There ain't no such thing as a free lunch

TANSTAAFL is an acronym for the English phrase " there is not no such thing as a free lunch", which was made by the science fiction author Robert A. Heinlein 's novel The Moon Is a Harsh Mistress 1966 popular. The novel deals with the problems that arise from the uncritical acceptance of a unilateral economic policy. The phrase and the book are very popular in libertarian circles and the sentence is often cited in textbooks of economics. To avoid the double negative, the abbreviation TINSTAAFL is locally used, which is resolved as "there is no such thing as a free lunch".

The set can be mutatis mutandis with " nothing is free " Compile and is intended to illustrate the concept of opportunity cost. Greg Mankiw describes the concept as follows: " To get one thing that we like, we usually have to give up another thing that we like. To make decisions means weighing goals against each other. "

Origin and use

The sentence refers to the formerly widespread tradition of saloons in the United States, the guests a " Free Lunch ", ie a " free " lunch to offer, the guests were obligated to purchase at least one drink. Rudyard Kipling describes 1891 as he

" Came in a bar room full of bad Saloon pictures, snakes down in the men pushed to the back of the head hats eating a breakfast bar. It was the institution of the "free lunch ", to which I had come. You paid for a drink and got to eat as much as you wanted. For something less than a rupee a day a man in San Francisco may have enough to eat, even though he is broke. Remember, if you ever should be stuck there. "
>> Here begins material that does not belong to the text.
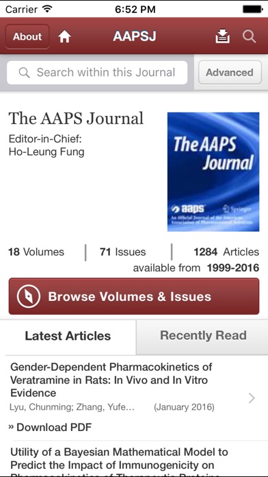 Tap into the most recent developments in all aspects of the pharmaceutical sciences with the AAPS Journals app. The AAPS Journals app includes three journals: Pharmaceutical Research, The AAPS Journal, and AAPS PharmSciTech published by Springer Science+Business Media.

TANSTAAFL means that for a person or company something can never be truly free. Even if it seems that something is free, there are always costs for the person or society as a whole, even though these costs can be hidden or distributed. Can you get in a bar, for example, free meals during the "Happy Hour", so the owner must bear the costs for it and will try to compensate for this in other ways. Some goods, such as wild fruit picked, while likely to be practically free, but usually always incur costs - in this case for the work of picking or by the loss of food for the animals in the environment.

The idea that there is nothing at the societal level in vain, is true only if all resources are used fully and adequately. When an individual or group gets something for free, you must bear the cost of someone else. If there seems to be no direct costs for an individual, there are instead social costs. Similarly, someone " free " from an external effect or a public good benefit, but this always means that another must bear the cost of producing these benefits.

In financial mathematics, the term is also used as an informal synonym for the principle of absence of arbitrage, which states that a combination of securities that yield the same profit must have such other security, the same net cost.

TANSTAAFL is sometimes used as a counter argument to the claimed benefits of free software. Proponents of free software keep countered that the term " free " in this context primarily for the lack of limitations ( "Freedom ") and not for the lack of cost ( " free ") stands. Richard Stallman has this described as "free as in free speech, not as in free beer ".

The prefix " TANSTAA " is also used in various other contexts to describe a fixed property of a system. Thus, in the English-speaking Electrical TANSTAANFS the acronym is used, which stands for " There Is not No Such Thing As A Noise Free System " ( "There is no noise-free system ").

For the scientist, TANSTAAFL means that a system is complete - there is no magic source of matter, energy, or light, which ultimately can not be consumed. In this respect, the TANSTAAFL argument can also be applied to physical processes. ( See also: Thermodynamics. )

References

  • Already 1950 has attributed the phrase to economist and Army General Leonard P. Ayres of the Cleveland Trust Company, a columnist for the New York Times. " It seems that shortly before the death of General approached a group of reporters with a request to the General, he might let them send one of the immutable truisms, he has collected during the long years of his economic studies. It's a unalterable economic fact, ' said the general, that there is something like a ' does not exist. ' Free lunch ' "
  • The book TANSTAAFL, the economic strategy for environmental crisis by Edwin G. Dolan, the 1971 is expected to contain the first use of the term in the economic literature.
  • The title of Spider Robinson's 2001 novel The erschienenem Free Lunch refers to the TANSTAAFL concept.
  • One of several responses of the authorities responsible for the topographic maps of Great Britain Ordnance Survey to the 2006 launched by the newspaper The Guardian Campaign Free Our ​​Data for the free and unrestricted access to his data material partially financed with public funds: "There is no such thing as free data. "
  • TANSTAAFL is the name of a snack bar in Pierce dormitory of the University of Chicago. The name refers to the fact that the phrase was made popular by Milton Friedman, a former professor at the University of Chicago and Nobel laureate.
  • The Café of IIM Ahmedabad is named Cafe TANSTAAFL.
  • TANSTAGI is in the novel series Schrödinger's Cat by Robert Anton Wilson as abbreviation for " There Is not No Such Thing As Government Interference ", the motto of the Invisible Hand Society.